On the afternoon of Thursday, Sept. 14, a deputy sheriff from the Madison County Sheriff's Office (MCSO) was dispatched to Greenville City Hall and advised to make contact with Reams in reference to an incident at City Hall involving City Council members. According to an incident report filed by MCSO Sgt. Jeff Rosenberg, Reams appeared to be distressed and shaking. Reams told Rosenberg that Seabrooks, as stated in Rosenberg's report, was “trying to force her into paying [Arnold] stating that he has not vacated his seat and is still attending meetings therefore he should be paid. Reams argued that in order for [Arnold] to be paid, the council would have to schedule a meeting and a vote would have to be made to determine if [Arnold] should be paid. Reams stated that when she refused to do what Seabrooks was asking, Seabrooks then began ordering her to give her Reams' personnel file. Reams stated that she told Seabrooks she would provide her a copy of the file, but said that was not good enough. Reams then said that City Mayor Calvin Malone came into the office and began ordering her around. Reams stated that she feels this is harassment and a hostile work environment and wished the incident to be documented.”

Rosenberg then spoke with Seabrooks and Malone. Both Seabrooks and Malone told Rosenberg that Reams had “refused to comply with any directives and do her job.” Malone brought up the issue of paying Arnold. Malone stated that “former city attorney [Schnitker] had wrote (sic) a letter of memorandum stating his opinion that Arnold should have to vacate his seat on the Council due to lack of attendance at the meetings, however the City Council did not vote and approve that the seat be vacated. Malone stated that Arnold has been attending the meetings and is still an active Council member and needs to be paid for his duties according to [the] City Charter. He [Malone] said that Reams refuses to pay Arnold because of the opinion of the City Attorney. Malone stated that the Attorney does not have the right to remove any council member from their seat and is only there to offer legal advice to the Council so that they can effectively carry out their duties, therefore as far as he is concerned Arnold is still a member of the Council and deserves to be reimbursed.”

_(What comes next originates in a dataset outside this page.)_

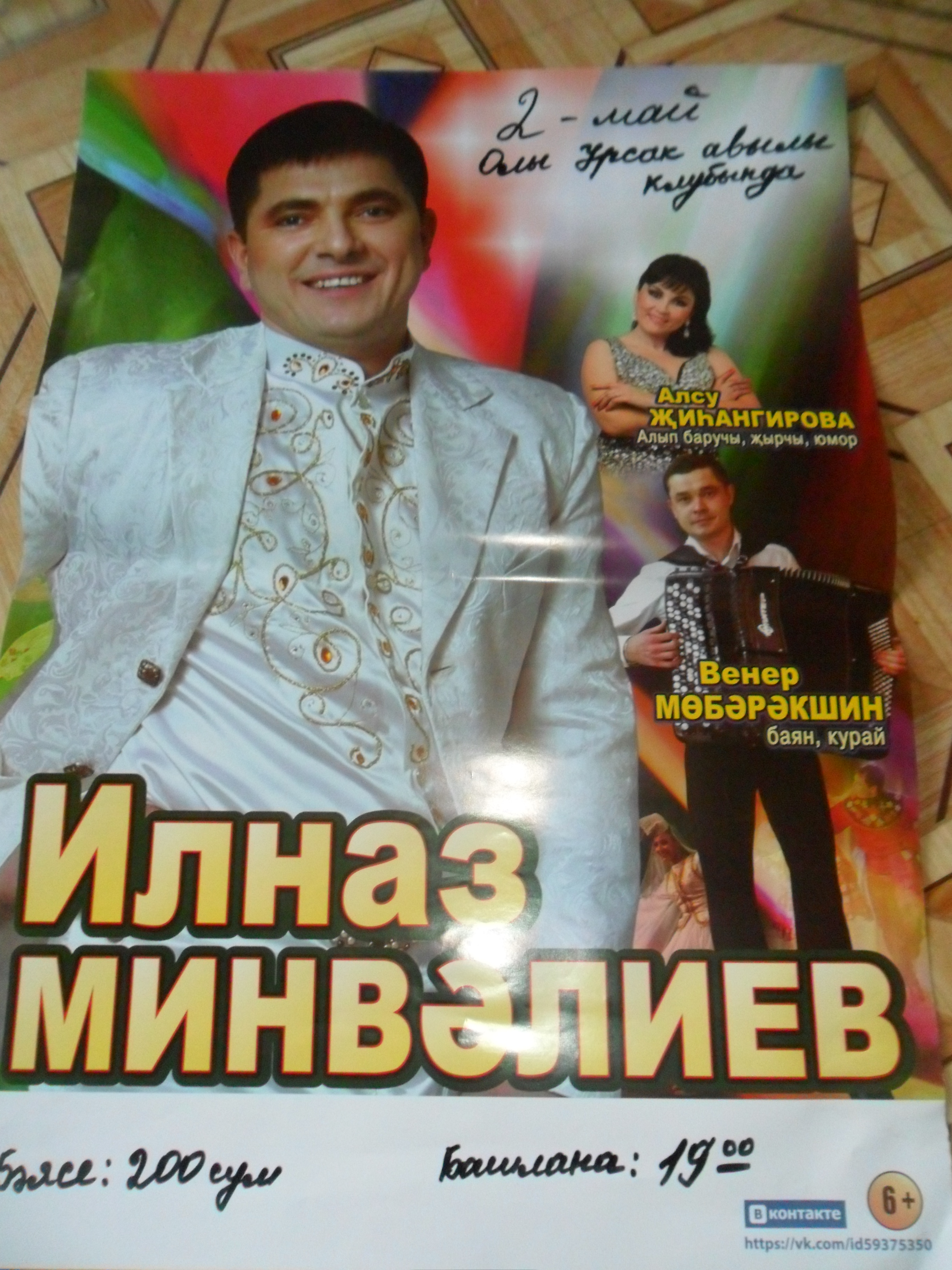 2  мая  всех  приглашаем  в  Большерусаковское  СДК  на  праздничный  концерт  Илназа  Мминвалиева,которое  состоится  в 19-00.
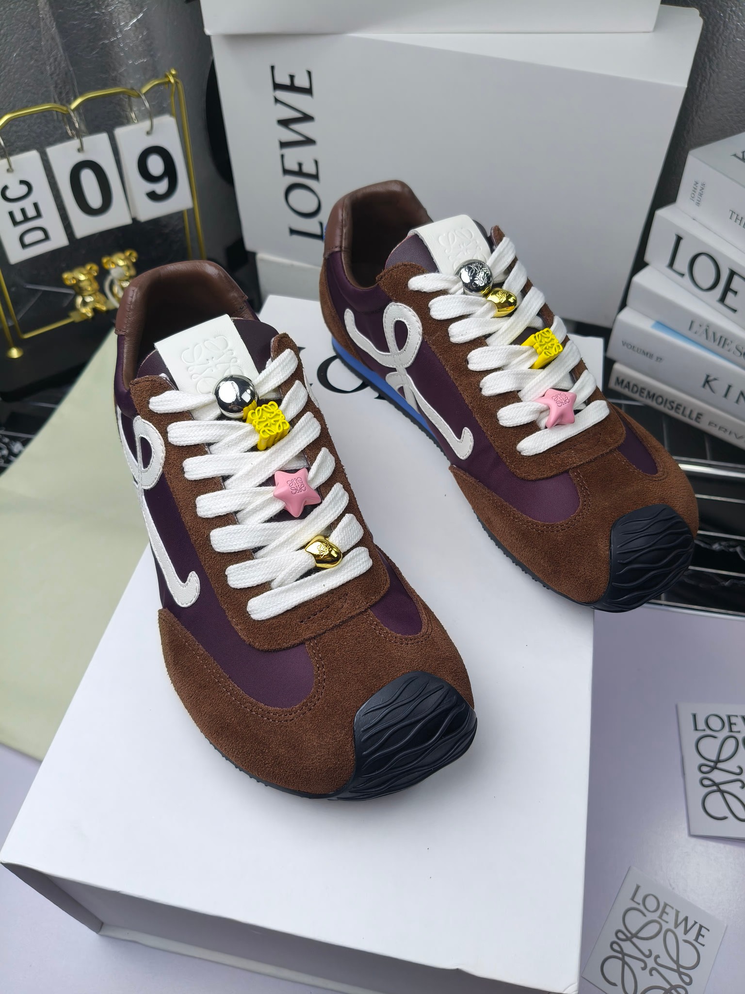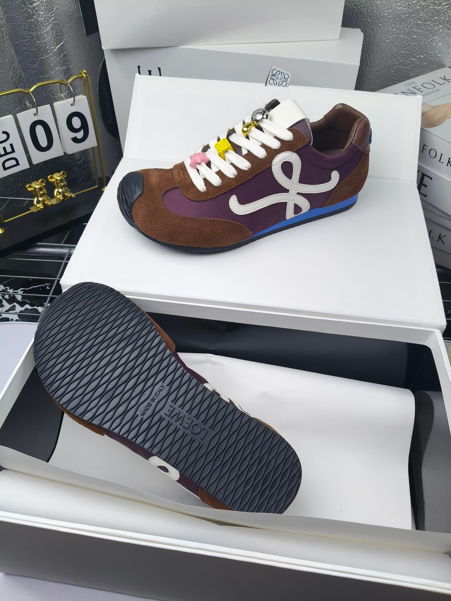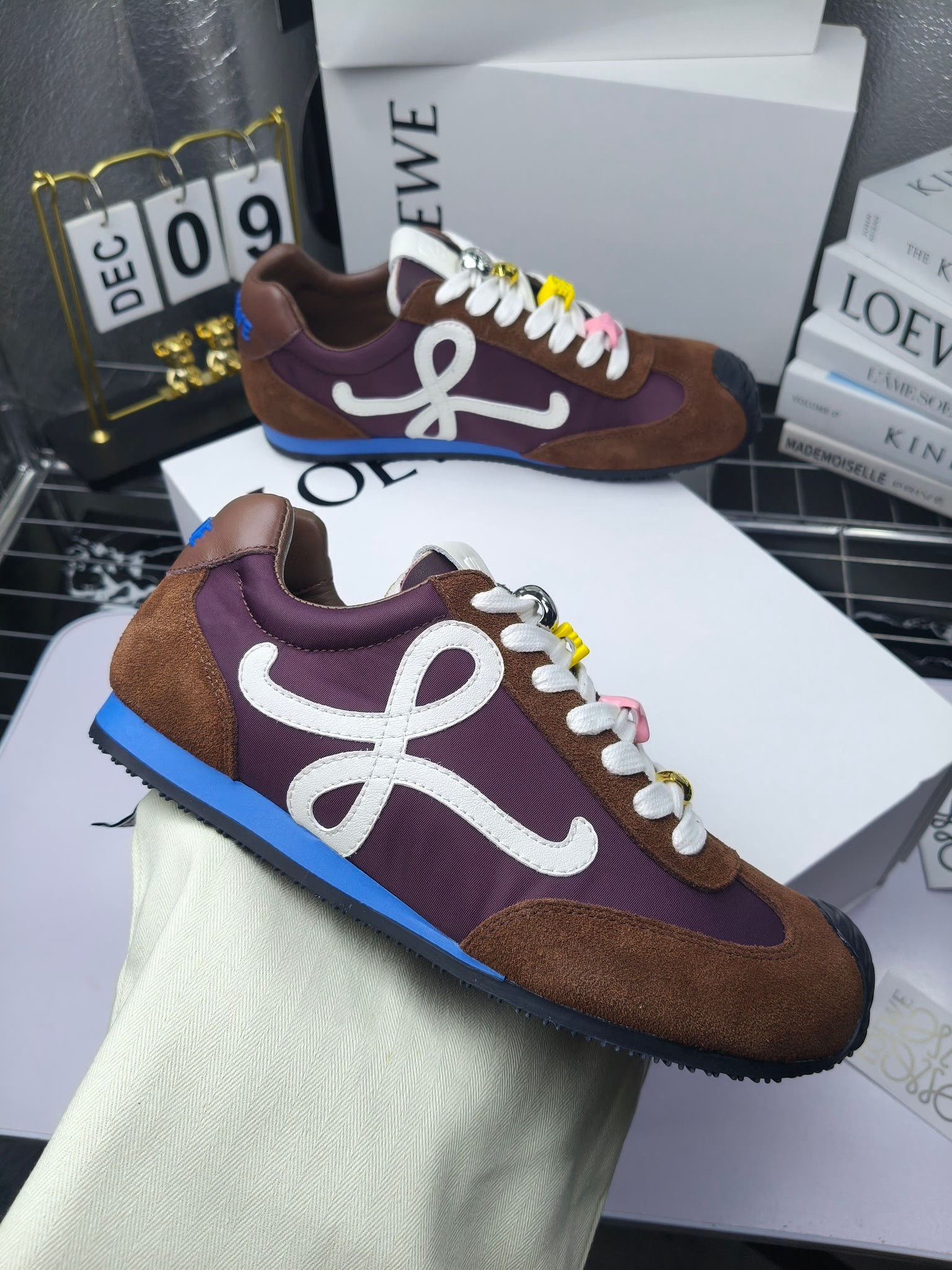 这款鞋子是AAAAA 1:1 质量 (非常棒). 使用了和原版一模一样的材料. 商标部分也保持了和罗意威/Loewe一样. 图片拍摄是实物鞋子拍摄, 您所收到的实物保证和我们图片一模一样.

During the Council meeting on Monday, Sept. 18, another of Reams' attorneys, Louis Baptiste, addressed the Council. “I have reviewed your Town Charter and under your Town Charter, no single [Council] member has supervisory authority over a City Clerk,” said Baptiste.

Seabrooks interrupted Baptiste stating that “This is citizen's participation.”

“I am a citizen,” replied Baptiste. “I am Louis Baptiste.”

“You live here in Greenville?” asked Seabrooks.

“No, I live in Tallahassee,” said Baptiste. “As a citizen of the State of Florida, I have a right to speak.”

“Greenville,” replied Seabrooks.

“If you stop me from speaking, that is a Sunshine [Law] violation,” said Baptiste.

“I'm just saying, he's not a citizen,” said Seabrooks.

“I would like to state that, for the record, if the City of Greenville receives State dollars, as they do; that gives me the right as a citizen of the State of Florida to speak here, unless you refuse State dollars. At that point, you can shut me down,” said Baptiste. “Until then, I have the right to speak. We did not come here to be aggressive or to bully. To us, the law means something, to us it matters. When one person tears against the law, they break the fabric of [the law]. Mr. Arnold is no longer on this Commission, per law. The City Attorney told you that, but you refuse to enforce it. I have no problem with Mr. Arnold, but the law is the law. I hope you guys will please start following the law.”

“There's two sides to every story, and we've heard his side,” said Malone.

“If we are refusing to abide by the Town Charter, what documentation are we using [with which to govern]?” asked Council Member Joi Collins.

There was no response to Collins' question.

When asked for a response to the letter presented by Reams' attorney, Seabrooks replied, “no comment.” When Mayor Malone was asked for a response, he indicated he had not read the letter.

It is unknown when the investigation into the Town of Greenville will commence. The next regular  scheduled meeting of the Greenville Town Council will take place at 6 p.m. on Monday, Oct. 9, at Greenville Town Hall, located at 154 Old Mission Ave., in Greenville.